В целом колониальная Бразилия не могла конкурировать с колониальной Испанской Америкой. Сахар никогда не ценился так, как серебро. Основным направлением португальской морской империи с богатыми африканскими и азиатскими аванпостами Бразилия стала далеко не сразу, уступая соседке во всех отношениях: она была меньше, беднее, менее населенной (в десять раз!) и хуже управляемой. Дробная плантационная экономика Бразилии ограничивала и тормозила урбанизацию и распыляла административную власть. В конце концов и здесь появились два вице-королевства, но к полноте власти испано-американских вице-королей бразильские приближались только во время войны. Португалия просто меньше делала для своих колоний. Например, в Испанской Америке всего через столетие после колонизации уже была дюжина университетов, а в Бразилии так и не появилось ни одного. Впору задаться вопросом, как Бразилия вообще оставалась португальской колонией целых триста лет.
Сила гегемонии
Как Испания, так и Португалия не могли себе позволить неограниченно тратиться на колонизацию. Ни у одной из них не было в колониях крупных войск. Иберийские колонизаторы и их потомки, рожденные в Америке, даже в ядрах колонизации составляли незначительное меньшинство. Так как же они сохраняли контроль над такой обширной территорией в течение трех столетий?

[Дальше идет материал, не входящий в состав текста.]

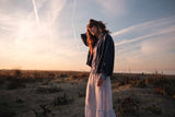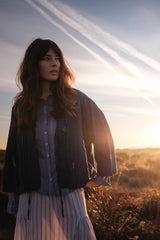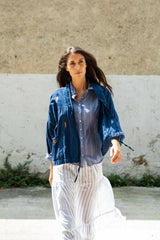 Kimono style jacket, little pleats in the front, it does not overlap and closes with a string in the front. Indigo base color with cactus and sun prints. 100% khadi cotton.

Чтобы ответить на этот вопрос, обратимся к истории сестры Хуаны Инес де ла Крус, мексиканской монахини, умершей в 1695 году. В возрасте семи лет Хуана сделала неожиданное заявление: она захотела поступить в университет Мексики (который открыл свои двери в 1553 году, за столетие до Гарварда). Она была готова даже притвориться мужчиной ради этого, но безрезультатно. Университетское образование было якобы слишком сложным для Хуаны. И неважно, что она читала с трех лет, выучила латынь ради забавы, в 17 ошеломила знаниями жюри из 40 университетских профессоров, а ее стихи знала вся Мексика. Как и у других женщин ее класса, у нее было только два варианта: выйти замуж и всю свою энергию направить на служение мужу и детям или стать монахиней. Хуана выбрала монастырскую жизнь, которая давала капельку больше независимости. Она стала сестрой Хуаной и именно под этим именем вошла в историю.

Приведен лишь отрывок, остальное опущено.